I have a few dataframes like this:
rdd_1 = sc.parallelize([(0,10,"A",2), (1,20,"B",1), (2,30,"A",2)])
rdd_2 = sc.parallelize([(0,10,223,"201601"), (0,10,83,"2016032"),(1,20,3213,"201602"),(1,20,3003,"201601"), (1,20,9872,"201603"), (2,40, 2321,"201601"), (2,30, 10,"201602"),(2,61, 2321,"201601")])
df_tg = sqlContext.createDataFrame(rdd_1, ["id", "type", "route_a", "route_b"])
df_data = sqlContext.createDataFrame(rdd_2, ["id", "type", "cost", "date"])
df_tg.show()
+---+----+-------+-------+
| id|type|route_a|route_b|
+---+----+-------+-------+
| 0|10 | A| 2|
| 1|20 | B| 1|
| 2|30 | A| 2|
+---+----+-------+-------+
df_data.show()
+---+----+----+------+
| id|type|cost| date|
+---+----+----+------+
| 0|10 | 223|201603|
| 0|10 | 83 |201602|
| 1|20 |3003|201601|
| 1|20 |3213|201602|
| 1|20 |9872|201603|
| 2|30 | 10|201602|
| 2|30 | 62|201601|
| 2|40 |2321|201601|
+---+----+----+------+
So I need to add the columns like this:
+---+----+-------+-------+-----------+-----------+-----------+
| id|type|route_a|route_b|cost_201603|cost_201602|cost_201601|
+---+----+-------+-------+-----------+-----------+-----------+
| 0|10 | A| 2| 223 | 83 | None|
| 1|20 | B| 1| 9872 | 3213 | 3003|
| 2|30 | A| 2| None | 10 | 62|
+---+----+-------+-------+-----------+-----------+-----------+
For this I would have to do a few joins:
df_tg = df_tg.join(df_data[df_data.date == "201603"], ["id", "type"])
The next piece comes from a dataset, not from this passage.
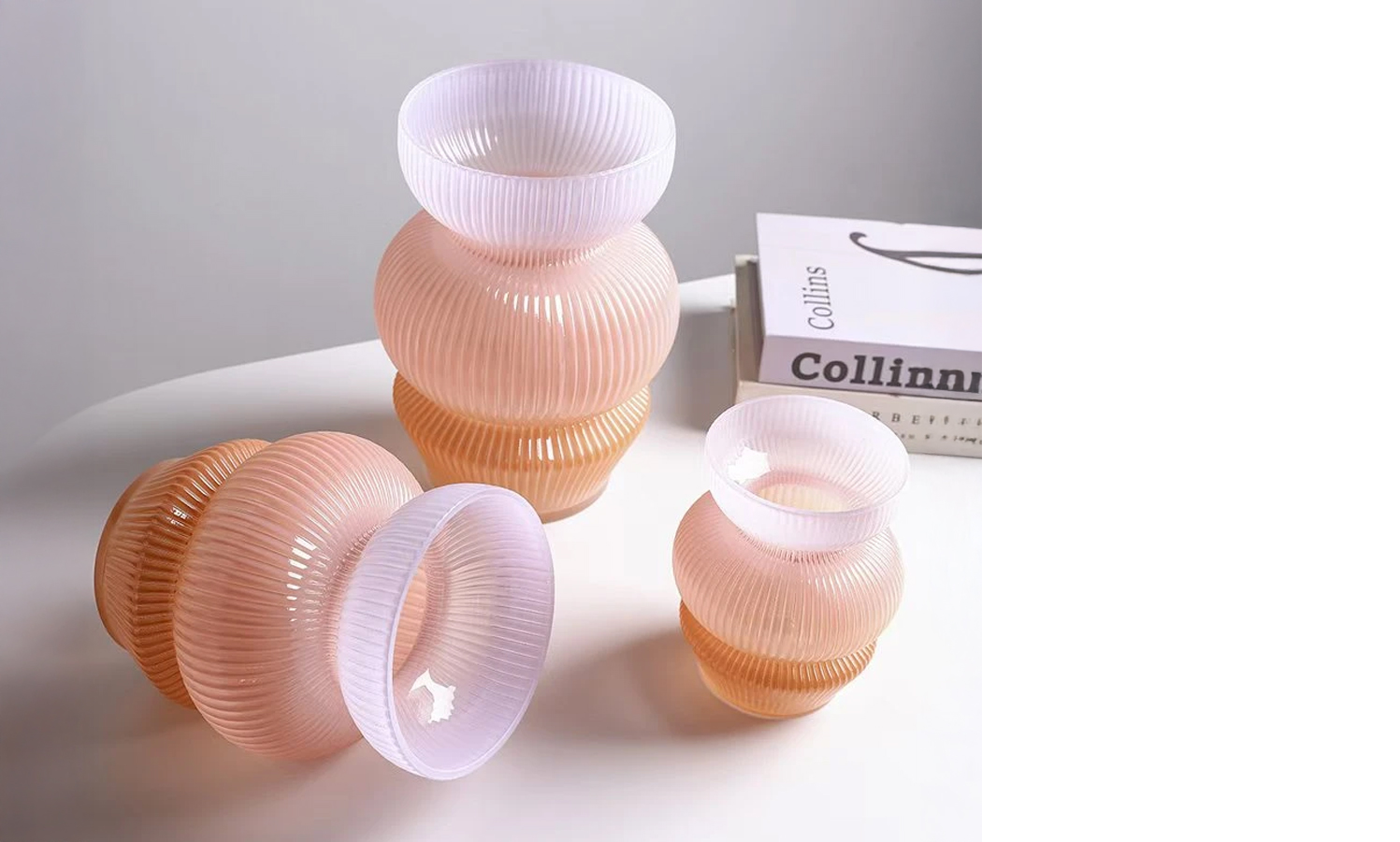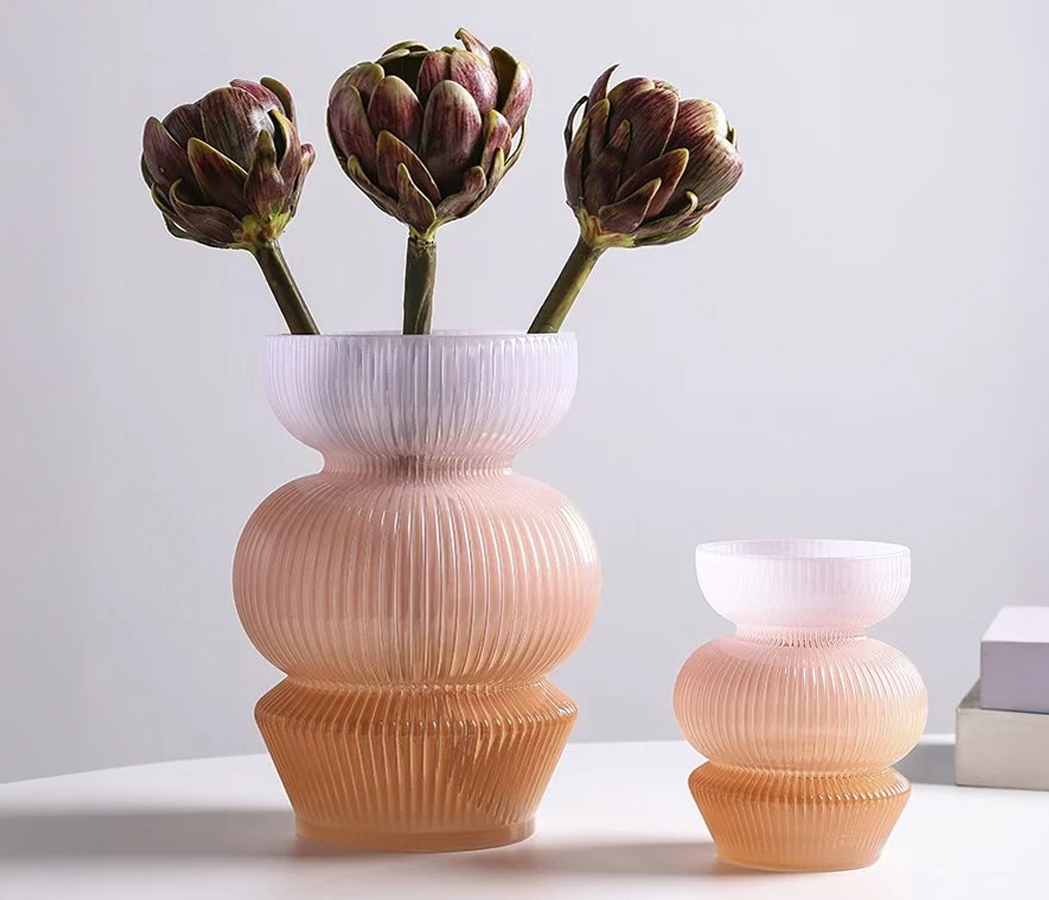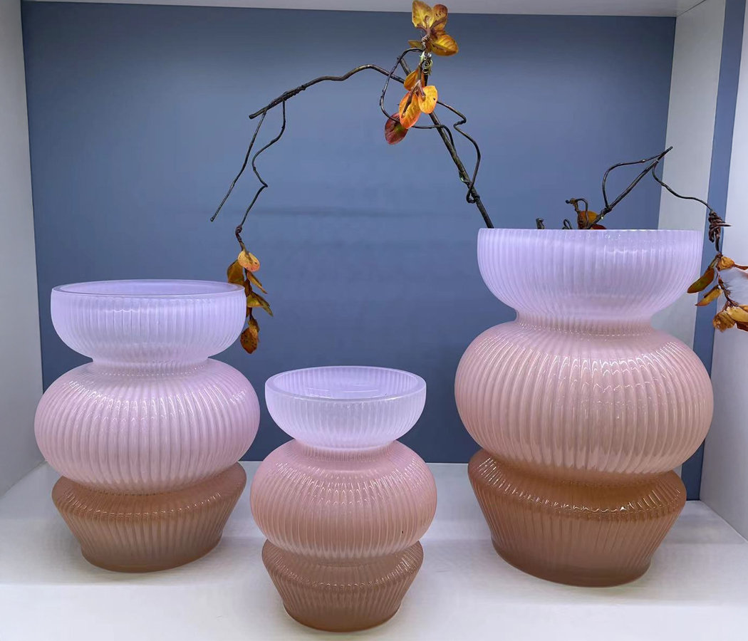 Ваза стеклянная D12 * H15 см, 1 шт., градиент коричневый/розовый/сиреневый 4630270/037077 на фото справа
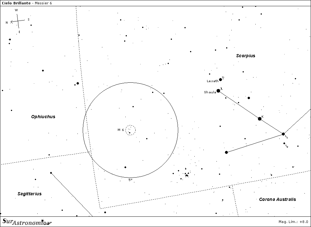 El cúmulo abierto Messier 6 (NGC 6405, Butterfly Cluster) era conocido desde tiempos pre-telescópicos. El primer avistamiento se le atribuye a Giovanni Batista Hodierna cerca del 1654. Descubrimientos independientes luego fueron realizados por de Chéseaux alrededor de 1745 y Louis de Lacaille en 1752. Messier tenía conocimiento de las observaciones de Lacaille, y en mayo de 1764 observó el cúmulo y escribió: "a ojo desnudo el cúmulo parece ser una nebulosa; pero con el instrumento más pequeño empleado para examinarlo, uno ve un cúmulo de pequeñas estrellas, 15' de diámetro". Se encuentra a una distancia de unos 1590 años luz, y posee un diámetro real de 10 años luz.

and with that I would have to rename the columns too, to not overwrite them:
df_tg = df_tg.join(df_data[df_data.date == "201603"], ["id", "type"]).withColumnRenamed("cost","cost_201603")
I can write a function to do this, but I would have to loop through both the dates available and the columns, generating ton of joins with full table scans:
def feature_add(df_target, df_feat, feat_cols, period):
for ref_month in period:
df_target = df_target.join(df_feat, ["id", "type"]).select(
*[df_target[column] for column in df_target.columns] + [df_feat[feat_col]]
).withColumnRenamed(feat_col, feat_col + '_' + ref_month)
return df_target
df_tg = feature_add(df_tg, df_data, ["cost"], ["201602", "201603", "201601"])
This works, but it's terrible. How can I add these columns, including when I'm calling the same function for other dataframes? Notice that the columns are not perfectly aligned and I need to do a inner join.